The RLX gains tech and an attractive new nose ahead of a Pebble Beach reveal.
Okay, let's set the record straight. We’ve had our negative sentiments about the Acura RLX for some time. We haven't exactly been shy about it either, having sent it to the crusher not once, but twice—the second instance coming after Acura loaned us one in order to see if that’s really how we felt. It’s not that the RLX is a bad car, it’s just that as a flagship, it outlines a character for Acura that we don’t think resonates well with customers. Unfortunately, sales numbers back us up.

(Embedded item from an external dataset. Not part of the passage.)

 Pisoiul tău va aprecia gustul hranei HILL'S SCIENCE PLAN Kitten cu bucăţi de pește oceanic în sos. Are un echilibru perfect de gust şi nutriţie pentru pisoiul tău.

The reason it’s unfortunate is because you can tell how much work Acura put into the RLX, making the hardware as bulletproof as you'd expect out of a Honda Accord that'll last past the 250,000-mile mark and keep going despite the RLX having luxury toys that end up being weak points for reliability in other like cars. However, Acura realizes that being the nice guy or girl doesn't always attract the significant other, and to avoid finishing last, it has just refreshed the RLX and will send a copy to Monterey Auto Week to aggressively market to the high-end crowd. The newfound boldness embodied in the diamond pentagon grille is part of Acura’s new push for more a modern and radical design that it hopes will attract customers.
Previously, Infiniti and Lexus built subdued-looking cars and it wasn’t until designers got wild with their lines that the pace at the factory had to be picked up. Acura would love that problem and its new nose is an attempt at that. Aside from the front end, not much else changes on the aesthetic side of things aside from the sculpted hood, new wheels, LED taillights, dual exhaust finishers, and a gloss black rear diffuser. Three new exterior colors are also available for order and the interior gets upgraded touchpoints as well as redesigned seats. Mostly, we’re interested in the hardware because the RLX packs an NSX punch if the owner spec's it the right way.

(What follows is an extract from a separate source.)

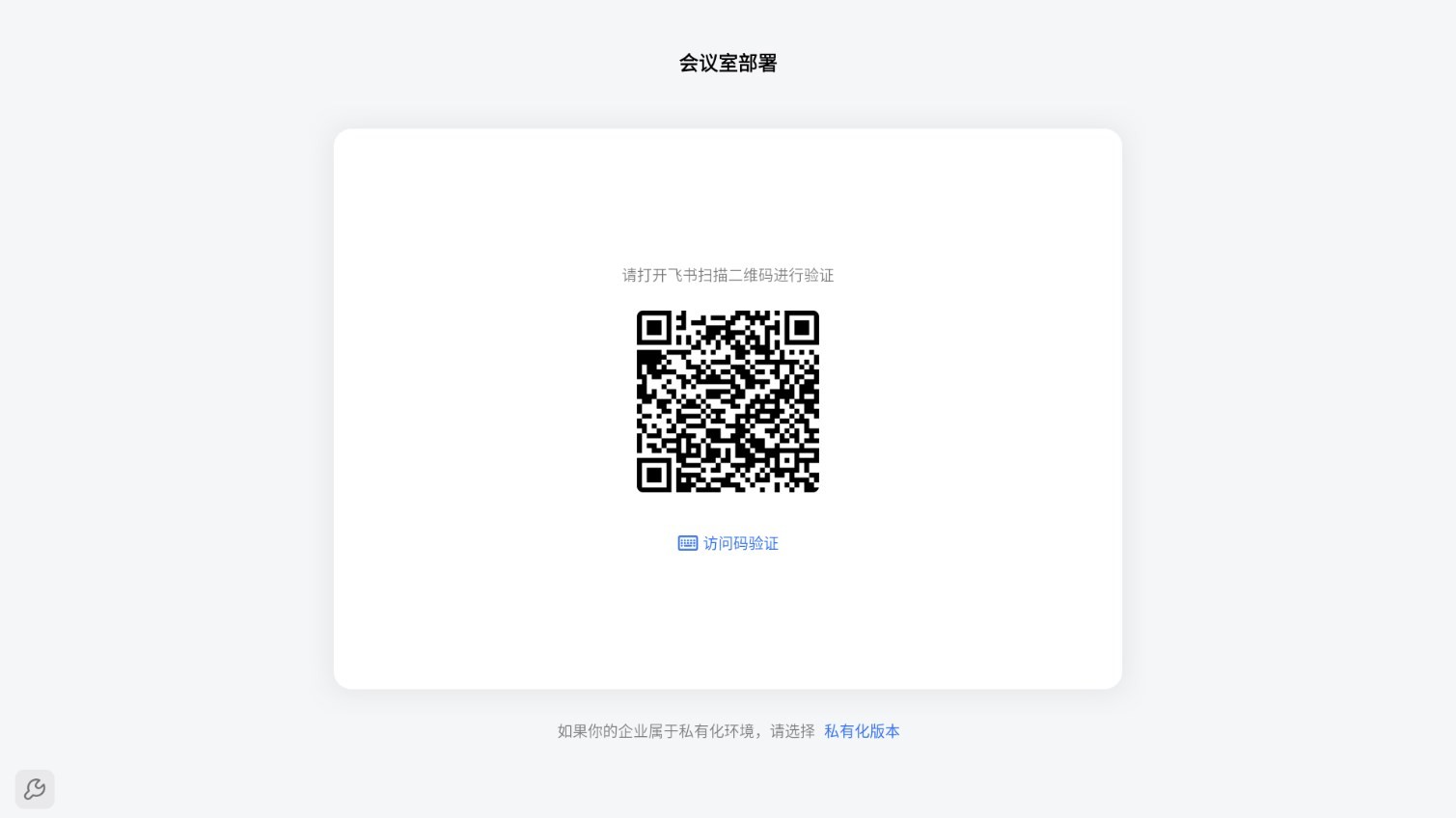 2、打开飞书会议室应用,点击 输入访问码,输入配置会议室部署权限时生成的访问码进行身份验证。完成认证后,在主机端选择会议室,点击 绑定。绑定成功后,线下会议室屏幕将同步显示与控制器配对的字母配对码。

Buyers not satisfied with the 3.5-liter V6 pushing 310 horsepower to the front wheels via a 10-speed auto can opt to keep that engine but supplement it with a three-motor hybrid system that turns the RLX into an all-wheel drive machine. Two of the motors are responsible for propelling the back wheels while a third sends power to the front by pumping torque through the transmission. That increases total system output to 377 horsepower and, together with the standard four-wheel steering system, makes the RLX a joy to drive for the long haul. Everything else you can think to need is probably bundled under the AcuraWatch suite of drive aids.

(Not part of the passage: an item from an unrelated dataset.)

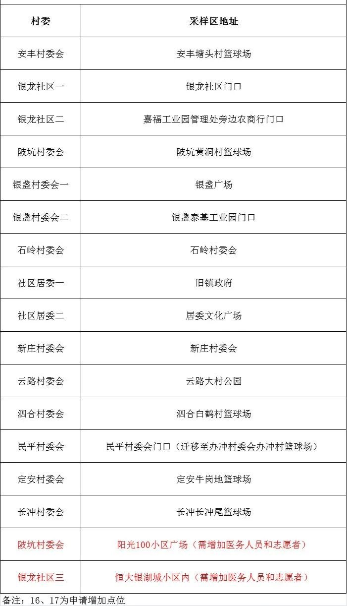 | 村/社区 | 咽拭子采样场所选址 |

That umbrella covers everything including lane-keep assist, adaptive cruise control, Traffic Jam Assist (extends cruise control so that it works in stop and go traffic), and automatic emergency braking. Buyers who spring for the hybrid model are treated to a premium Krell sound system, parking sensors, for lights, remote start, heated and cooled front seats with heated rears, and a surround view camera to go with the additional horsepower. Prices haven't been announced yet and will be as the car's November release date approaches. It seems Acura may have pulled together the RLX right this time, or so we hope. All we needed was evidence that our $60k+ was going towards something other than the drivetrain and quality.